At Cerrejon (Colombia), the largest open-pit coal mine in Latin America owned equally by BHP (Australia), Anglo American PLC (United Kingdom) and Glencore (Switzerland), the situation of the indigenous people is progressively worsening. Cerrejon Limited has informed the workers that “all the existing shifts will be unified into a single 7-day work, for three days off.” With the enforcement of the new shifts, “workers would go from working 15 to 21 days and the mine would go from 4 to 3 shifts, leaving at least 25% of the current workforce unemployed.” The new shift pattern is likely to aggravate the health of workers as long working hours increase the number of work-related pathologies. Current work shift arrangements have already led to more than “700 pathologies associated with musculoskeletal, respiratory, cardiovascular and ear diseases, among others.” As the level of work becomes more stressful, these occupational diseases will start multiplying.
The present-day actions at the Cerrejon mine are one among the myriad manifestations of transnational capital’s cruelty. Cerrejon mine is located in the dry department of La Guajira which is home to more than 900,000 people. 45% of the population is indigenous, with most of the people belonging to Wayuu and the remaining coming from smaller groups such as Arhuacos, Koguis and Wiwas. 8% of the population is Afro-Colombian, thus making La Guajira the department with the highest presence of indigenous people in Colombia. When mining companies arrived in 1983 in La Guajira, they encountered these indigenous people as an obstruction in the path of development. Consequently, the appropriate solution to this problem was the initiation of “development-induced displacement.”

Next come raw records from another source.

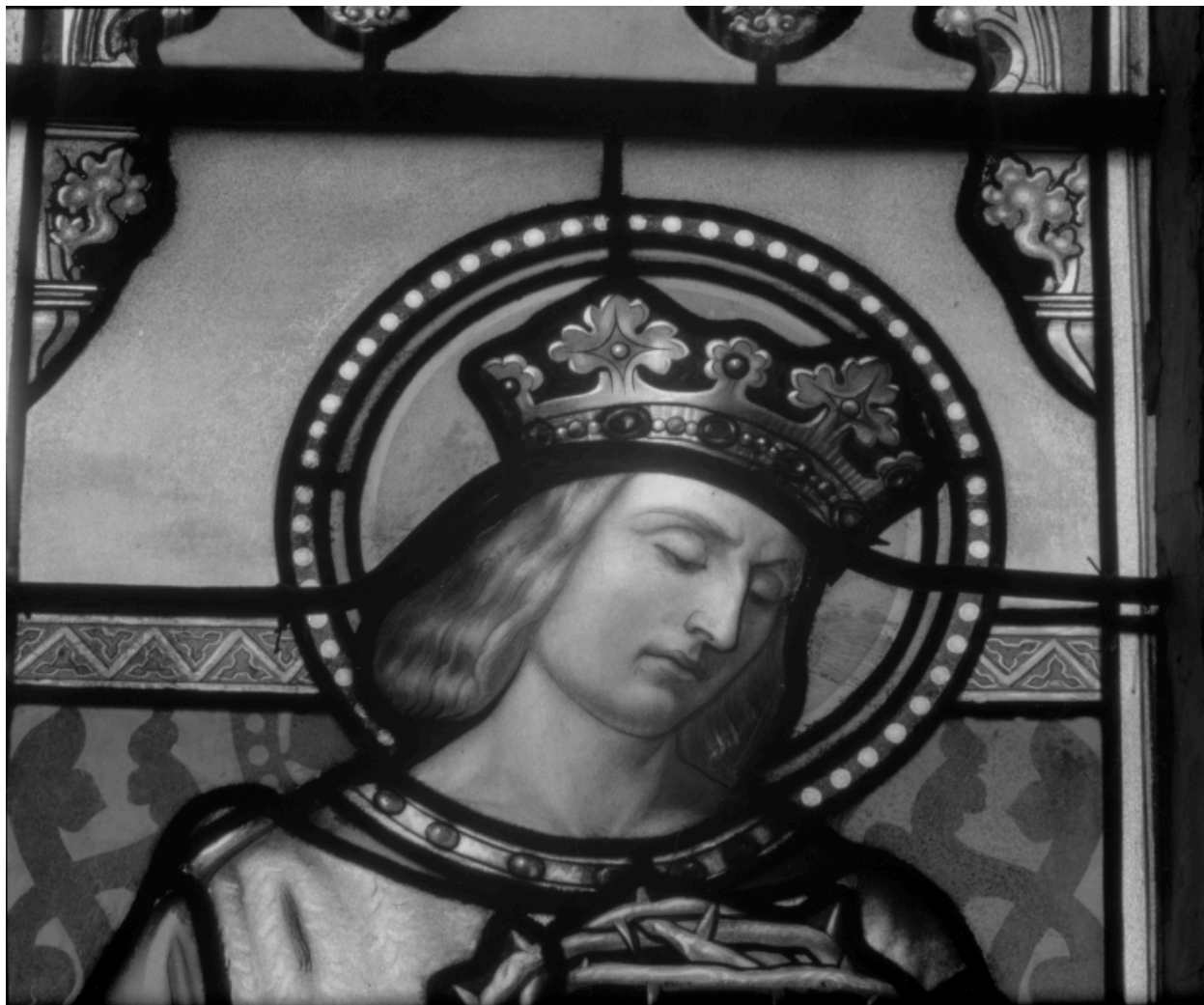
Détail des vitraux du chœur, baie 2 : saint Louis.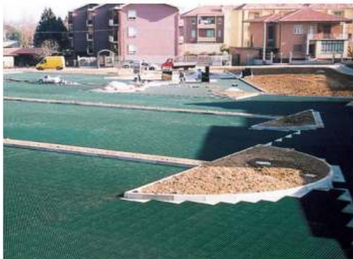
Posa del grigliato in prossimità dei cordoli.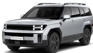
Typhoon Silver Metalická Cena: 19 900 Kč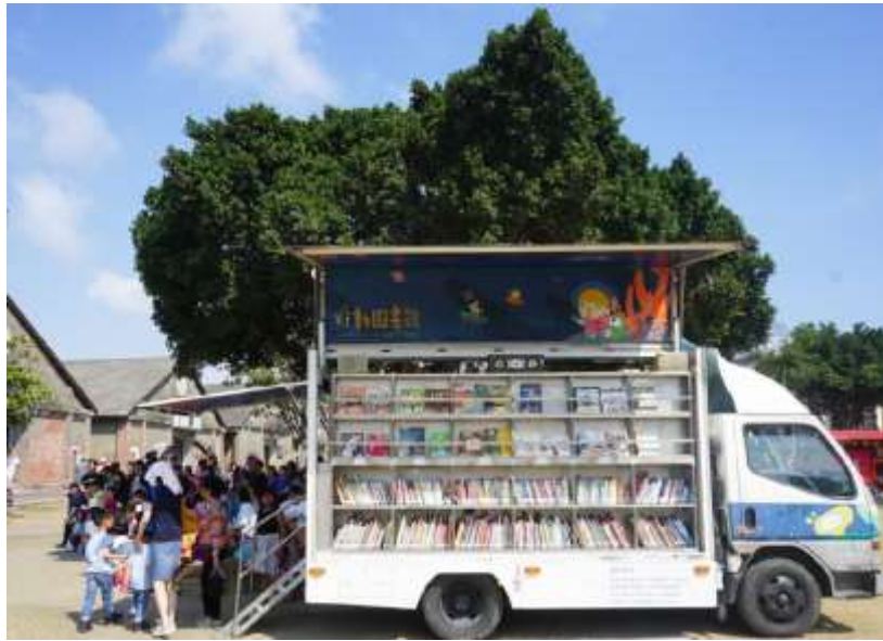
ห้องสมุดเคลื่อนที่

ตู้ยืมหนังสืออัตโนมัติ ตั้งอยู่ในสถานีรถไฟใต้ดิน เป็นระบบที่อำนวยความสะดวกให้คนเมืองที่มีวิถีชีวิตรีบเร่ง สามารถใช้เวลาระหว่างการเดินทางสำหรับอ่านหนังสือ ซึ่งมีให้บริการตลอด 24 ชั่วโมง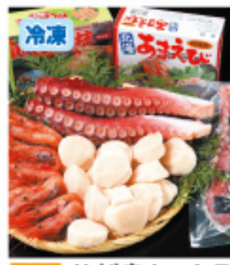
026 お刺身セットB 北海甘えび500g・ほたて貝柱500g 真だこ足500g 5,800円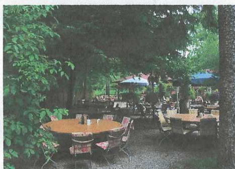
Das Gasthaus „Alte Liebe an der Amper“ mit Biergarten

In Mitterndorf bei Dachau, Im Lus 4 steht für unsere Münchner Sportvereine: FTM Blumenau von 1966 e.V. FTM Gern e.V. (gegr. 1907), FTM Nord e.V. FTM Schwabing von 1897 e.V. FTM Süd e.V. und FTM West e.V. ein großes Freizeitgelände in landschaftlich schöner Lage direkt an der Amper zur Verfügung. Hier befindet sich unser Jugendheim, das ursprünglich im Jahre 1957 von unseren Vereinsvorfahren mit eigenen Händen erbaut und 2004 durch einen Neubau ersetzt wurde, sowie die 1926 erbaute und von einem Pächter bewirtschaftete Gaststätte "Alte Liebe an der Amper".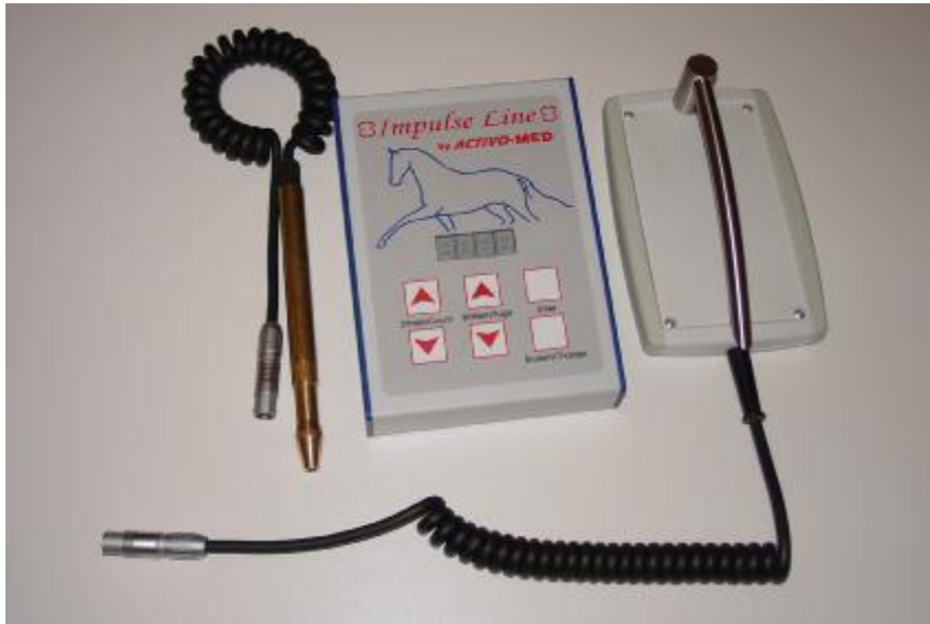
Steuereinheit, Magnetfeld-Lichtdusche und WLP Pointer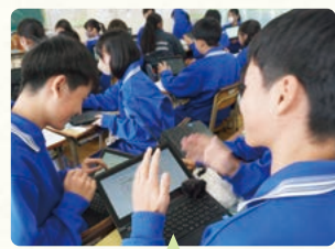
教え合い学習で考え方を説明

生徒が受け身になる授業にならないよう、教師の説明を最小限にし、生徒が考える時間を増やす授業を心掛けています。すぐに問題の解法を示さず、「なぜそう考えたか」「他の考え方はないか」と問いかけたり、教え合い学習を積極的に取り入れたりしています。特に計算問題が多い授業では、理解度が高い生徒がミニティーチャーとなり、周囲の生徒に教える活動を多く取り入れています。それぞれの生徒の理解が深まるとともに、伝え合い・学び合う活動を通して、その後の学習意欲を高められる集団づくりを行っています。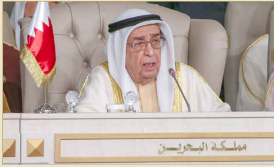
تونس - بنا

وجه عاهل البلاد صاحب الجلالة الملك حمد بن عيسى آل خليفة كلمة إلى القمة العربية في دورتها العادية الثلاثين التي انعقدت في الجمهورية التونسية أمس، ألقاها نيابة عن جلالتة نائب رئيس مجلس الوزراء سمو الشيخ محمد بن مبارك آل خليفة لدى ترؤس سموه وفد مملكة البحرين المشارك في أعمال القمة. وأعرب جلالة الملك في كلمته عن خالص تمنياته لرئيس الجمهورية التونسية الشقيقة الباجي قائد السبسي بالتوفيق والسداد، وللجمهورية التونسية وشعبها مزيداً من التقدم والازدهار والنماء.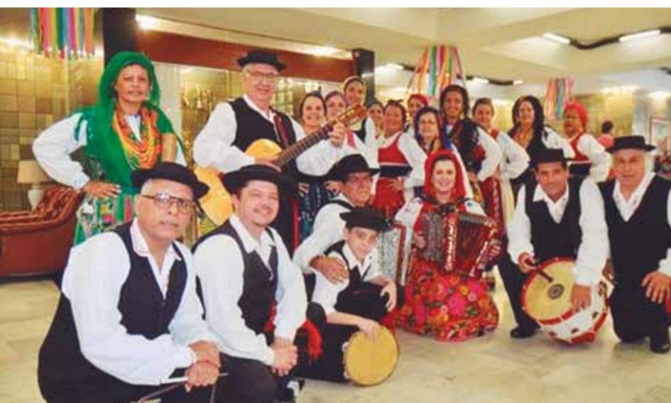
O Rancho Folclórico Luiz Vaz de Camões, com seus belíssimos trajes, brilhou na Quinta de Santoiinho, mostrando toda a "raça"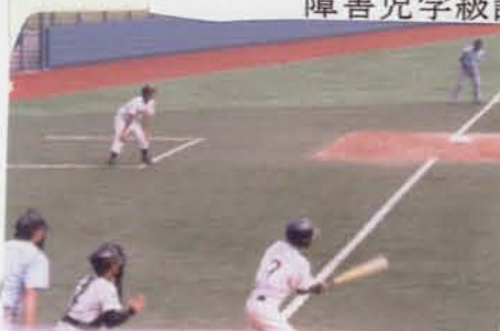
惜しい！ 来年は優勝！！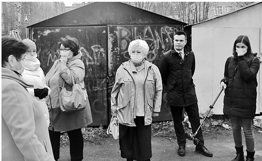
Встреча Уполномоченного с жителями микрорайона «Кукковка» г. Петрозаводска 11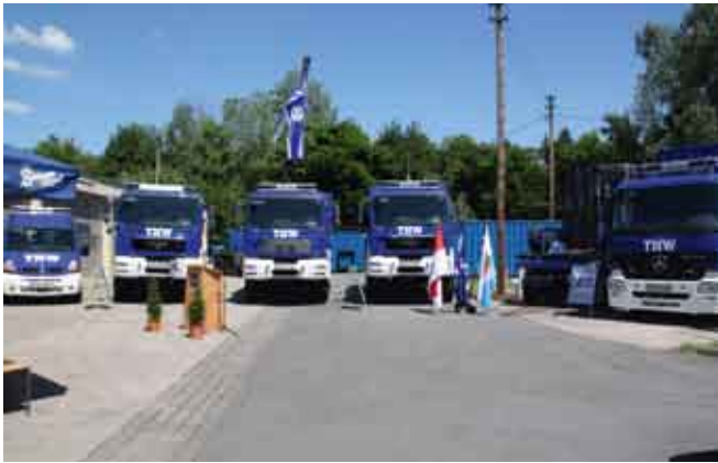
Fahrzeugweihe beim THW Oberburg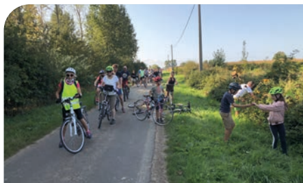
■ Balade à vélo, le 13 septembre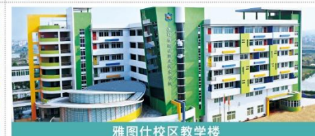
雅图仕校区教学楼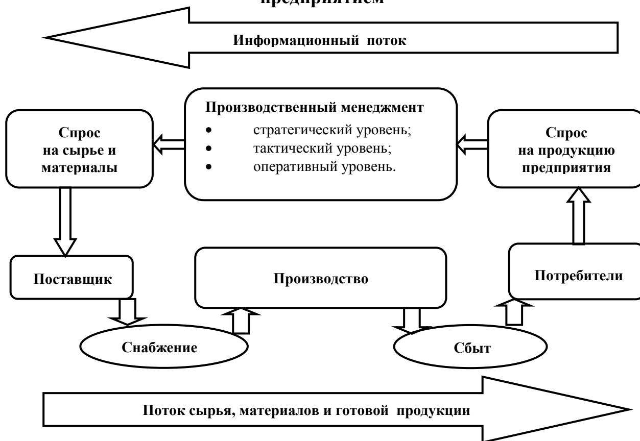
Рис. 1.1. Место производственного менеджмента в общей системе управления предприятием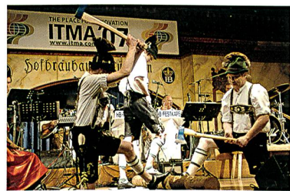
München – die Weltstadt mit Herz. Abendveranstaltung der ITMA 2007

Unser Messeziel ist es, uns auf Innovationen zu konzentrieren. Unsere vier Hauptexp-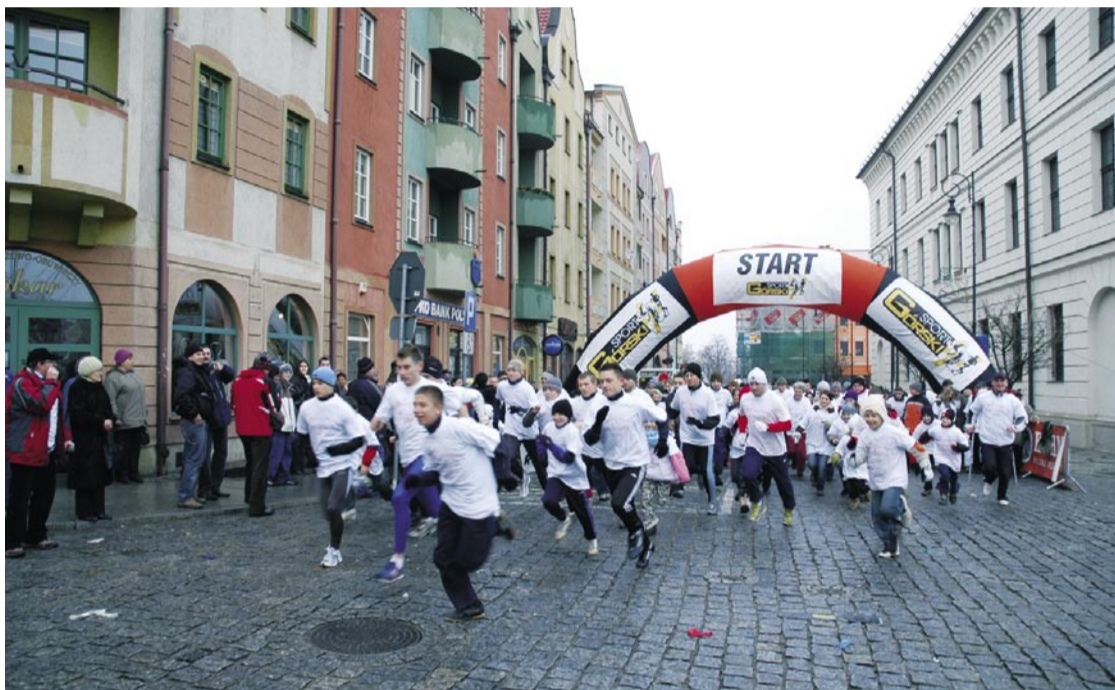
Jubileuszowy marszobieg rozpocznie się 1 stycznia 2013 r. o godz. 14.00 na głogowskim rynku.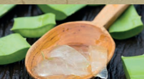
Aloe Vera Gel aus Blattinneren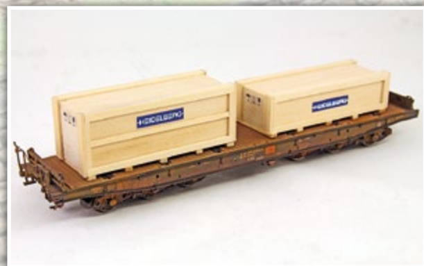
H01356 Transportkistenset, 2-teilig Länge: 2 x 70 mm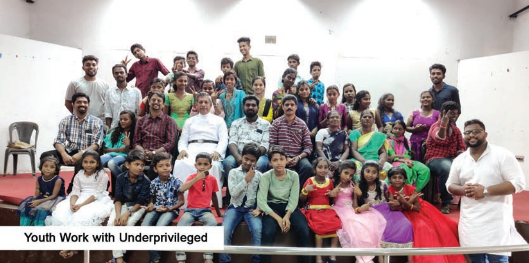
Youth Work with Underprivileged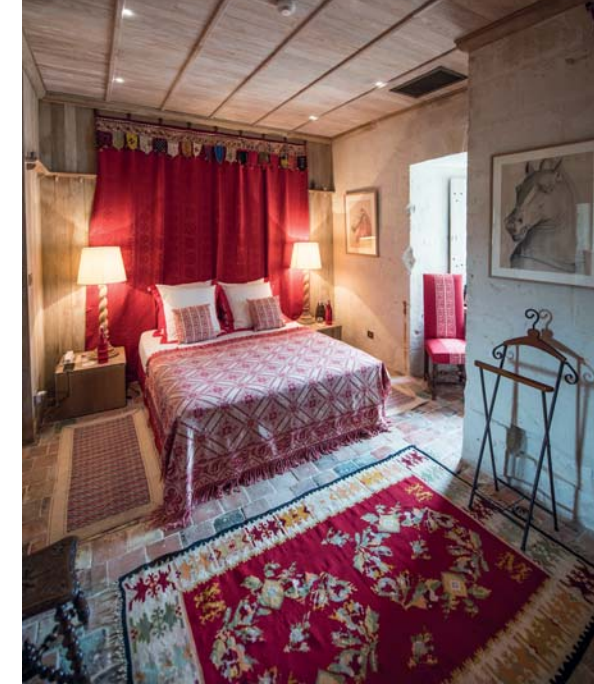
Una delle camere storiche a Rivau

In 1981, the brutal behemoths of mining began shredding the social fabric of indigenous existence and left deep scars of development on the collective psyche of indigenous people. In order to make way for the Puerto Bolivar Port, mining multinationals chose to systematically exterminate the Wayuu village of Media Luna. Paradoxically, negotiations began after the displacement in which “Some 750 residents who lived in Media Luna entered into negotiations with the company for their collective relocation, but were targeted with anonymous threats of violence, which appeared to be linked to the negotiations and later led to the collapse of talks…. Subsequently, the company ordered the village to relocate for a second time and, when seven families refused, a metal fence was erected around their homes and armed guards stationed to watch over – a strategy interpreted to intimidate them into leaving.” This was a particularly counter-intuitive way of conducting negotiations wherein irregular violence, strategically organized arm-twisting and silent terrorization forced the Wayuu into accepting development.
The largest displacement came later in August 2001 when the Afro-Colombian community of the Tabaco village was violently dragooned into fleeing from the region. Eviction happened through the carefully coordinated action of the military, police and armed forces, interspersed with the presence of marauding bulldozers. Ines Perez, one of the victims of the calibrated evisceration of Tabaco, said that “The community was evicted from the land by force, with anti-riot police, in cold blood. We were thrown off our land. They destroyed our homes with machines. They punched us. They hit me and my papa. We were left nearly in a coma, with the houses torn down, in ruins. We’ve been struggling for 13 years and we’re still fighting for our health, for our food, for everything. We are demanding to be relocated and to receive compensation. We just want our lives back.”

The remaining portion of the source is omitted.